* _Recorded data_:

━━━━━━━━━━━━━━━━

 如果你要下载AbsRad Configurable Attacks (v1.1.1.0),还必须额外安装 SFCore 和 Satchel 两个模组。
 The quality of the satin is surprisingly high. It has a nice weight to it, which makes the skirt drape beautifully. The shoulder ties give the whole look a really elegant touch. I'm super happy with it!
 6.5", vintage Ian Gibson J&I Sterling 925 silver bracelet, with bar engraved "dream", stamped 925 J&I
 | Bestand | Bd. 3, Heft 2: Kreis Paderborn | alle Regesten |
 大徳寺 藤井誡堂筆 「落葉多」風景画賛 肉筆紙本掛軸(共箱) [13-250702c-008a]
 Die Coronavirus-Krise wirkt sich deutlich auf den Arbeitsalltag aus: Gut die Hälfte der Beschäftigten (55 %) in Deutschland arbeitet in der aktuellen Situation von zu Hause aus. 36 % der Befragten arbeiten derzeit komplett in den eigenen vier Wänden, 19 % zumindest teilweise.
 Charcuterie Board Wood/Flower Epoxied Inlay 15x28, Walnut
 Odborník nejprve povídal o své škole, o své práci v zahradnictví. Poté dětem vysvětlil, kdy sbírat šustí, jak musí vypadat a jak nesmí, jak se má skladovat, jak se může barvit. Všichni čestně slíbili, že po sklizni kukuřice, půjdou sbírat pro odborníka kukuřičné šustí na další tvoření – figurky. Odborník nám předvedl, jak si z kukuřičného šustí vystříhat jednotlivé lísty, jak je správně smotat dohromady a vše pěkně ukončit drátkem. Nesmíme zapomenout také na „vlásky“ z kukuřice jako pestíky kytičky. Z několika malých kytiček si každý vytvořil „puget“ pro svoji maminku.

━━━━━━━━━━━━━━━━

* _Exercise objective_: Show every line from the entries above in which the word "with" appears.

* _Written response_:
 The quality of the satin is surprisingly high. It has a nice weight to it, which makes the skirt drape beautifully. The shoulder ties give the whole look a really elegant touch. I'm super happy with it!
 6.5", vintage Ian Gibson J&I Sterling 925 silver bracelet, with bar engraved "dream", stamped 925 J&I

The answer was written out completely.